By Gwen Frost
On November 2, Western housed poetry goddess Denice Frohman, the incredible 2013 Woman of the World poetry champion. Frohman now has 7.5 millions views of her poems online, but when Denice Frohman was young, she felt like she was “not the right kind of girl.”
Frohman began poetry and performing her freshman year of college, and believes she wouldn’t be here now if it hadn’t been for that year.
After a student asked “Why did you start writing?”
Frohman responded “I didn’t think poets looked like me or sounded like me…I wrote myself into a place that I felt I belonged.”
She advised to take advantage of open-mics on campus, because “who knows, you could be doing it for a living 15 years later.”
Sponsored by the AS Womxn’s Identity Resource Center and the Women, Gender and Sexuality studies program, Frohman began her performance with an emphasis on collective liberation, saying “I’m tryna get free.” The dialogue between performer and audience helped Frohman do what she does best, where every viewer gets to “interact with the work in real-time.”
She performed her first poem, a anthem-esque calling named “A Woman’s Place,” because “in this world, we’re convinced to be smaller versions of ourselves.”
“I write poetry first as a gift to myself, to heal, to take back power,” Frohman explained, and dedicated the night’s performance to Puerto Rico.
She discussed the male gaze, and how she used to judge her own worth by the attention men gave her.
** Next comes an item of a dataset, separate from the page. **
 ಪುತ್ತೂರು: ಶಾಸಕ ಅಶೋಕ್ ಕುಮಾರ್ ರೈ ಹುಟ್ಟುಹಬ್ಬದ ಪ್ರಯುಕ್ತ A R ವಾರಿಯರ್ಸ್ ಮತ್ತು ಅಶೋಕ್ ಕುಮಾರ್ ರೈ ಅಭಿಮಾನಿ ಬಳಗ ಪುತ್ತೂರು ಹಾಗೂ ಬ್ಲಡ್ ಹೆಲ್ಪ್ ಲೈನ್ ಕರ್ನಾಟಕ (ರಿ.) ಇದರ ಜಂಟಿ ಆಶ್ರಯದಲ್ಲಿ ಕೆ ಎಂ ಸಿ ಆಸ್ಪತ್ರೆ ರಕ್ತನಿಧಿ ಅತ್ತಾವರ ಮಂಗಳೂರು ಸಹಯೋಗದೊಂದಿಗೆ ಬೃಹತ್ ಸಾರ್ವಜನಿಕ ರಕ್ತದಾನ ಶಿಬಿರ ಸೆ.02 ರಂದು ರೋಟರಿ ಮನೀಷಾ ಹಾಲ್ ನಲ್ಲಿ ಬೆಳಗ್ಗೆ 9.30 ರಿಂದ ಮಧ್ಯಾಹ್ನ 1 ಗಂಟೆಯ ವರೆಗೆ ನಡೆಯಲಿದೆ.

She remembered a man that she visited summer after summer, for piragua (grated ice and syrup) and the only man she ever wanted anything from; so, “sexually, he’s my boo.”
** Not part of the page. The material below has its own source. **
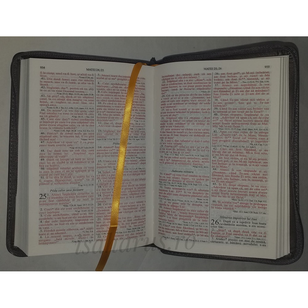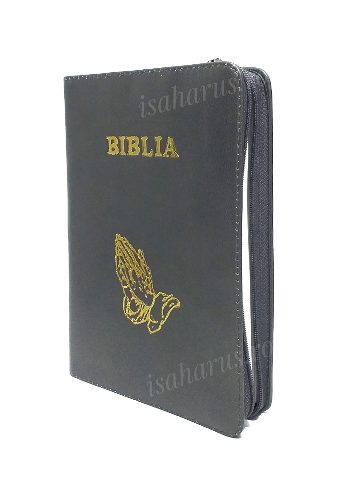 Biblia sau Sfânta Scriptură a Vechiului și Noului Testament cu trimiteri. Biblie medie, copertă din piele gri-petrol, cu fermoar, margini albe, fără index.

She touched on gentrification, and said “praise everything we build under the table,” because we are “America’s thumping baseline.”
Frohman discussed the criminalization of homelessness and undocumented people, and how it is hypocritical due to America’s dependence on undocumented labor and participation. The definition of citizenship “is flimsier than we believe it to be,” she said.
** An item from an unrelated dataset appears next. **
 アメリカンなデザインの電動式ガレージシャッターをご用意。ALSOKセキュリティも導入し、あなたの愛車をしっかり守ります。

She spoke of the manifestations of what a border can be, beyond a physical border. Her third poem illuminated the blood and sweat pressed into the development of the U.S. She gave a shout out to the Blue Group again, and advised to “write toward a hopeful place,” even when it’s rough in this country.
She made jokes about first kisses, followed by critical analysis’ of the domination of the English language in the U.S.
One poem was a celebration of her mother, in a country where white supremacy now has a microphone. A country that tells one history of itself, where it is really only safe for white people. She discussed how having an accent is somehow viewed as “un-American.” However, there are some people, who “don’t fear whatever we’re not.” She said that “movements are always led by young people,” and “this is your moment.”
In 2016, Frohman performed at the White House, and met a woman who worked with NASA, where Frohman asked about the possibility of other life forms. The woman explained that there were over 10,000 galaxies, and humans haven’t even explored all of the first one yet. Frohman felt a fear, one she realized that emanated from a lack of knowledge. She realized that “we are socialized to be afraid of anything that ain’t us.” Of anything we can’t control.
She asked the woman,”‘What would you say to a life form if you were sitting next to it?”
The woman responded, “I wanna know how they coexist, because we don’t know how to.”